Уволившись в запас, боцман Карцов не уехал, как многие другие, куда-нибудь поюжнее, а остался в небольшом заполярном порту и поселился на борту старенького катера.
Именно Карцову и команде его суденышка пришлось в штормовую погоду идти на дальний островок, чтобы доставить врача к рожающей женщине…
1
Катер был совсем дряхлый. По ночам даже в тихую погоду он кряхтел и стонал, точно жаловался кому-то на свои старые раны. Этих ран у него было много: несколько ребер-шпангоутов треснуло, они-то и скрипят особенно противно; пробоина в моторном отсеке в свое время была залатана наспех и сейчас дает течь, приходится то и дело откачивать воду из трюма; многочисленные вмятины и царапины на бортах, точно морщины на старом теле, никак не удается разгладить, хотя на это извели столько сурика и шаровой краски, что их с лихвой хватило бы на эсминец или даже на крейсер.
Портовое начальство не единожды собиралось списать катер на слом, но всякий раз, когда акт на списание ложился на стол командира базы, катер вдруг оказывался крайне необходимым. То надо кого-то подбросить на тот берег залива, то отвезти дрова и уголь на остров Лысый, то переправить почту геологам на Утиный нос.
— А, пусть себе плавает, пока сам не утонет, — говорил командир базы, отодвигая акт на списание.
И если бы однажды катер вот тут же, прямо у причала, затонул, это никого не удивило бы.
Всех удивило другое: на катере неожиданно поселился боцман со «Стремительного» мичман Карцов. Уволившись в запас, он не поехал, как многие другие, куда-нибудь поюжнее, а остался здесь, в небольшом, затерянном среди сопок заполярном порту, про который и в песне поется, что тут «двенадцать месяцев — зима, остальные — лето».
2
Вот и сейчас, проснувшись, Карцов первым делом посмотрел на верхнюю койку у левого борта. Она была пуста, — значит, Митька не приходил. На «Вышибале», конечно, потеплее, а здесь за ночь все тепло выдуло, ветер, похоже, разгулялся не на шутку. Вон как скрипят шпангоуты. Да и поясница у Ивана Степановича разнылась, а это верный признак шторма. «Оба мы с тобой, брат, пенсионеры, — мысленно заговорил с катером Иван Степанович. — Однако тебя, как и меня, на слом, пожалуй, рановато отдавать, еще пригодимся. Оно конечно, не те уж мы с тобой, что раньше были. Мы теперь вспомогательный флот. А все же флот, без флота нам с тобой жить незачем…»
Что и говорить, катеришко совсем старенький, а вот жаль его. Пустят на металлолом, на том и кончится его служба. Когда на слом уходят большие корабли, их имена присваиваются новым. Вот и «Стремительный» унаследовал свое название от старого заслуженного эскадренного миноносца.

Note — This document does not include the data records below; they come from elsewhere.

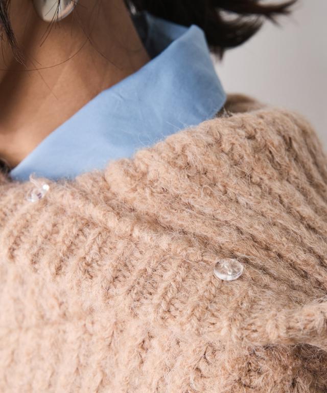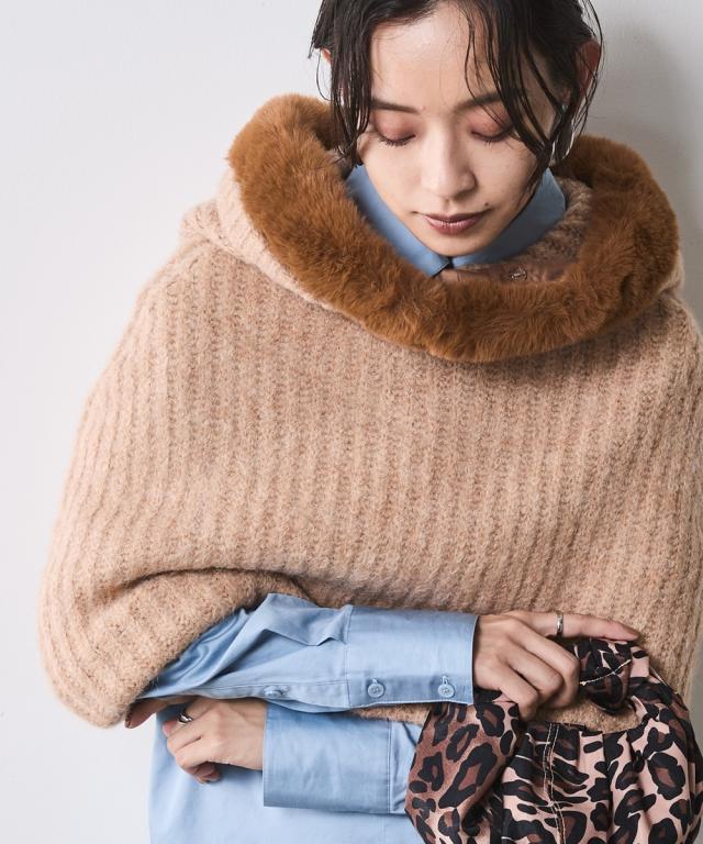 重ねるだけでスタイリングがきまるニットケープ。 ■デザイン いつものトップスの上に羽織るだけでモードな装いに。 カーディガンとはまた違った印象を生み出してくれるマントニット。 取り外し可能のフェイクファーがついたフードデザインで顔回りもこなれた印象に見せるデザインです。 ■素材 肌触りの良く温かみのあるソフトな素材を使用。 ■おすすめのスタイリング 真冬にはアウターの上から、秋には薄手トップスの上からなど、様々アイテムに重ねるだけで雰囲気のあるコーディネイトが完成します。
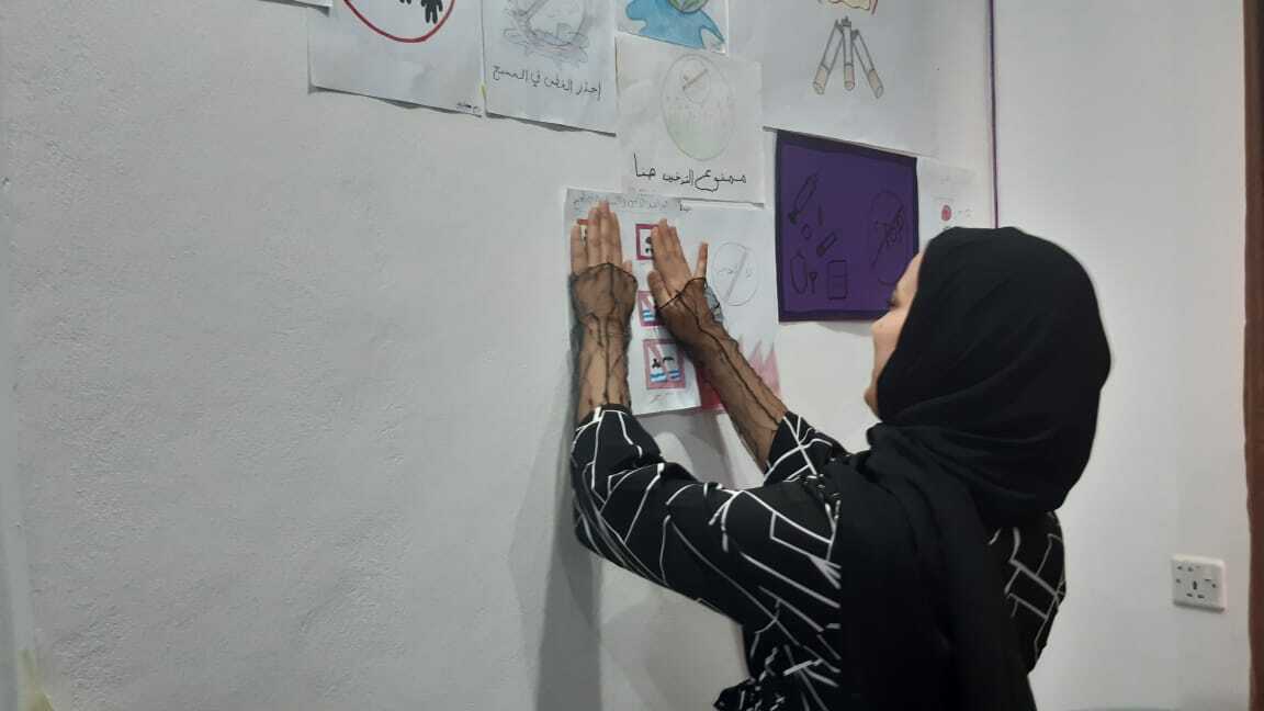 حيث قامت المشاركات برسم رسومات لتبين أهمية الحفاظ على مجتمع آمن في فصل الصيف .
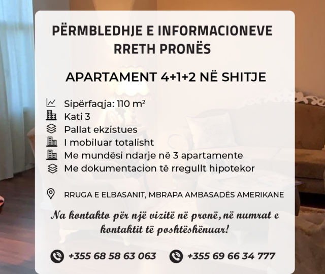 Shitet apartament 4+1+2 te rruga e Elbasanit, mbrapa Ambasadës Amerikane, Tiranë.
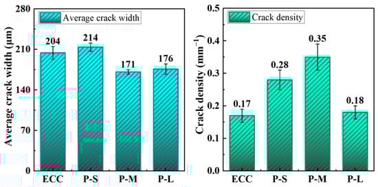 - An appropriate increase in PET aggregate particle size enhances P-ECC’s crack control ability, resulting in reduced crack width and increased crack density. Compared to P-S, the P-M samples showed a 20.1% reduction in average crack width and a 10.7% increase in crack density. However, when the PET aggregate particle size is too large (P-L), the crack control ability weakens due to stress concentration.

А катер даже названия не имеет, только бортовой номер — РК-72, что значит — рейдовый катер, семьдесят второй в серии ему подобных.
Обидно, что вот так уходят из жизни малые корабли. «Лет через десять никто о нем и не вспомнит. Разве что Сашок», — Карцов покосился на нижнюю койку.
На нижней койке по левому борту спит моторист Сашка Куклев. Он и во сне остается румяным, как свежее анисовое яблоко. По-детски припухлые губы полуоткрыты, в них застряла улыбка. Должно быть, снится что-то хорошее. Сашке всегда снятся хорошие сны, и он любит рассказывать о них. А вот Ивану Степановичу сны почти никогда не снятся — привык за многие годы службы спать мало, но крепко.
Жаль Сашку будить, а придется. Сегодня им предстоит везти продукты в Заячью губу, а оттуда надо заскочить в губу Узкую за почтой, потом в Длинную губу за главным механиком, который там уже третий день кукует. Действительно, «губ тут много, а целовать некого» — этот известный северный каламбур наводит Карцова на воспоминания о Елене Васильевне, о предложении Шелехова, о разговоре с ним. «Может, и в самом деле пора на берег перебираться? А то в один прекрасный день околеешь тут». Он обводит взглядом тесный кубрик, замечает, что краска на подволоке опять потрескалась, что медные поручни на трапе не надраены и покрылись зеленью, что барашек иллюминатора завернут неплотно, оттого и ветер гуляет по кубрику. «Это все Сашка закаляется», — сердито думает он и опять смотрит на Куклева. А тот себе улыбается во сне. В его годы и Карцову любой мороз нипочем был.